# New Quantum Syncro Wagon owner (QSW)



## crp76pilot (Nov 28, 2011)

I am brand new to posting here or any forum for that matter, have lurked a bunch but no participation to speak of. 

Just bought a very straight clean rust free low miles bone stock 1985 Quantum Syncro Wagon for what I feel was a bargain. The 4wd system works perfectly but I have a few issues with her (Rhonda) before she is a driver. I am hoping I will get some insight and advice while I get to better know and understand this car. Thank you in advance.

Is there a club or web site that is more specific to this car that I should join/participate/lurk?

Any Seattle/PNW folks have a parts car? (seems almost required)?
The one German specific wrecking yard that is closest to me I am not a fan of.

My number one concern are the brakes "soft" does not describe them. I have worked on plenty of brakes to know what they feel like when its as simple as bleeding the air out or adjusting the rear drums etc etc... This car has a very very large amount of pedal travel and then at the very end near the floor the pedal is firm and stops the car wonderfully with no pulling or unevenness. I read in the owners manual (that is sitting 200 miles away otherwise i would quote it) that if this happens get it towed to the dealership for repair. It was specific enough to describe this exact brake anomaly, it mentioned something about this being the mechanical function of the brake system. I have never worked on any that weren't either simply vacuum boosted or not. Does this sound like a proportioning valve issue? Pumping them makes zero difference. Tons of travel but firm at the end... I read the Road and Track critique of the car and they mentioned "soft" but this can't be what they meant. Any suggestions? 

Has anyone come had issues with leaking water inside the passenger compartment? It seems to leak a lot somewhere in the front right corner of the car and pool up at the floor board on the right side. I haven't looked into this at all except to say the window seal looks intact and fine. Are these known for some mystery leaks through the ventilation system? In case you are not aware it rains a lot here in Seattle and I want to fix this ASAP. 

Are there any good speakers that are replacements for the factory speakers in the door cards and rear strut-cover/speaker box?

Wheels....? Are these 4x100 or 4x108 I am cornfused!!! I saw some wheels that where 5 spoke and looked to be OEM VW/Audi that I really liked recently but I misplaced the link so I will need to do some more lurking.
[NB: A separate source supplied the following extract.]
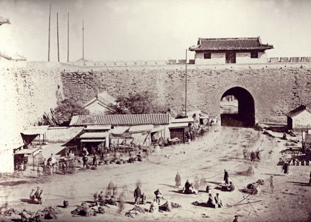 1865年北京,宣武门城门附近。元代叫顺承门。位于正阳门以西,俗称“顺治门”。1921年拆除箭楼及关帝庙,1930年拆瓮城。1965年城楼拆除。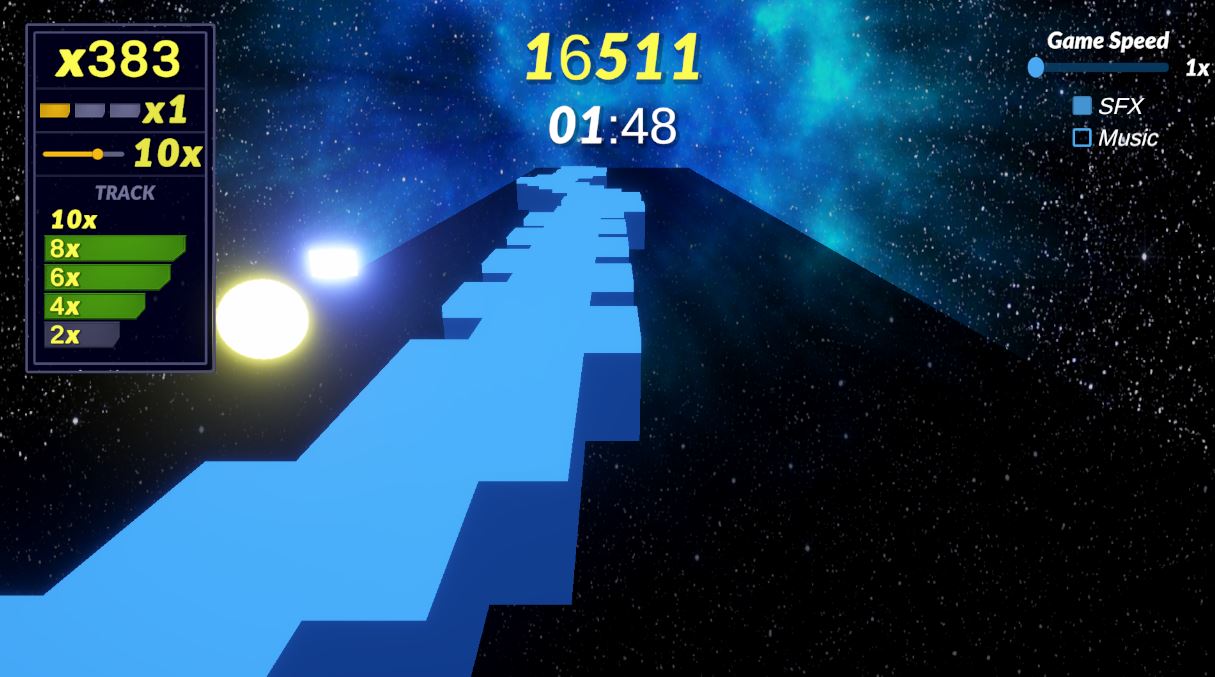 Sprint to the end of this "endless runner"! Stay on the path, stack your multipliers, and push your score to new levels. See if you can reach the limit before time ends....Every second counts...How high will you reach?

Would love something a bit more modern or rally looking. Some people love these stock wheels but to me it makes the car look like a 1987 Buick station wagon. Any suggestions? 

Has anyone made tube bumpers for these? They look 10 million % better with the European front bumper grill and headlights but I am guessing that these parts are hard to source unless there are other VW/Audis that it can share with. 

I wish it didnt run so well because I would love to find a 20V turbo and trans-axle.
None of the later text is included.